An example relates to a drug which sadly became notorious in the sixties, Thalidomide. This active ingredient was put on the market by Grünenthal (Germany) as a sedative, and could also be used by pregnant women. A few years after it was put on the market, it was discovered that this drug had led to severe malformations in babies born to women who had taken it during pregnancy. There were more than 100,000 cases observed in over 40 countries. The drug was then withdrawn from the market. However, subsequent laboratory testing showed that Thalidomide had anti-tumour properties. Following this discovery, the drug was tested on patients with multiple myeloma and it was effective.
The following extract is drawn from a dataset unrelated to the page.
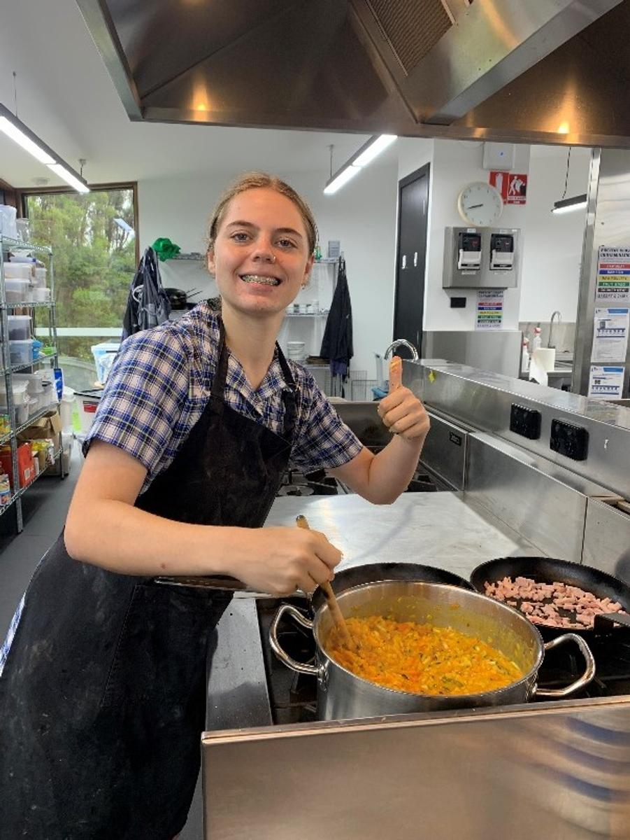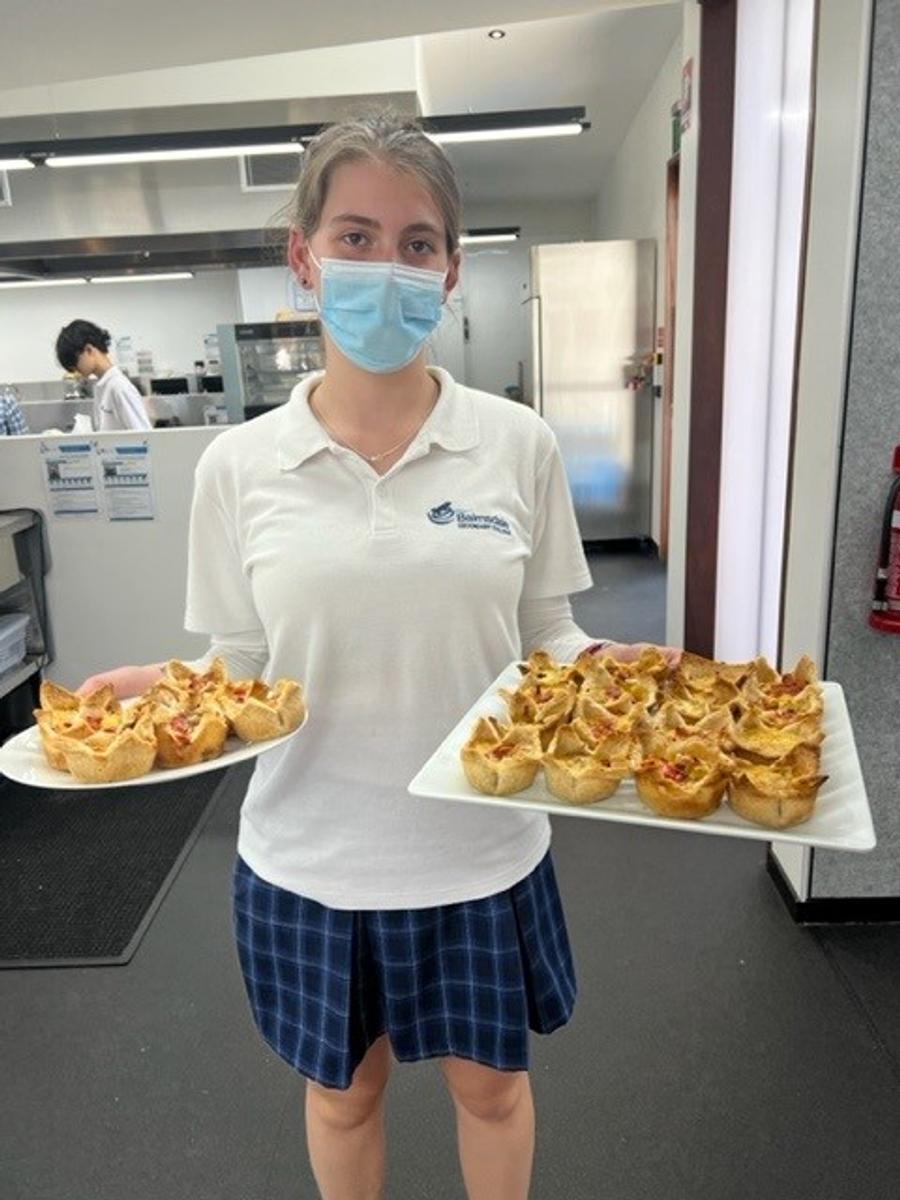 In our Year 10 Food Choices class students focus on nutrition and eating healthily for the family. Last week the students created and designed an individual dish that would suit a buffet lunch, it was a Master Chef Competition and Elly Forrester won with a wonderful butter chicken, rice and naan meal.

In 2006, Thalidomide was approved by the American Food and Drug Administration (FDA), in combination with a corticosteroid for the treatment of patients with multiple myeloma.

Does the “off-label” use of drugs mean the same thing?

The off-label use of a drug can be seen as “repositioning”. However, it should be noted that a “repositioned” drug has received authorisation for use by one or more regulatory agencies, such as the FDA in the USA or the EMA in Europe, while a drug used off-label has not received such authorisation. It is therefore used on the direction of a physician on the basis of clinical observations. However, clinical trials on this drug were not conducted for that particular use. Therefore, there is no guarantee that there is an appropriate relationship between therapeutic benefits and side effects when the drug is used off-label for a pathology other than that for which it was approved.

Can you explain to us what compassionate care consists of and what it requires?

More specifically, we’re talking of “compassionate use” when a drug is used for the treatment of a group of patients suffering from a serious disease for which satisfactory drugs still don’t exist. This is a therapeutic procedure directed, administered and monitored by the competent authorities within a hospital environment. Drugs that are in the course of clinical trials but have not yet obtained authorisation from regulatory agencies can be used for compassionate use on the public at large and therefore put on the market. An example of the compassionate use of a drug in these days of the Covid-19 crisis, is the use of Remdesivir, a broad-spectrum antiviral produced by Gilead (USA), which has not yet been approved by the regulatory authorities of any country. Remdesivir has shown an activity against MERS and SARS, which are coronaviruses similar to Covid-19, in cell and animal models. Based on this evidence, studies have been launched on patients with Covid-19. Some of these studies will also be conducted in some Italian hospitals.

The path from laboratory to pharmacy shelves in a traditional cycle. What are the expected timeframes?

The search for a new drug is a very long and expensive process. In general, more than 10 years can pass from the beginning of the project to the time when a drug is approved. A good part of this time is spent in clinical studies for the evaluation of the safety and efficacy of the potential new drug.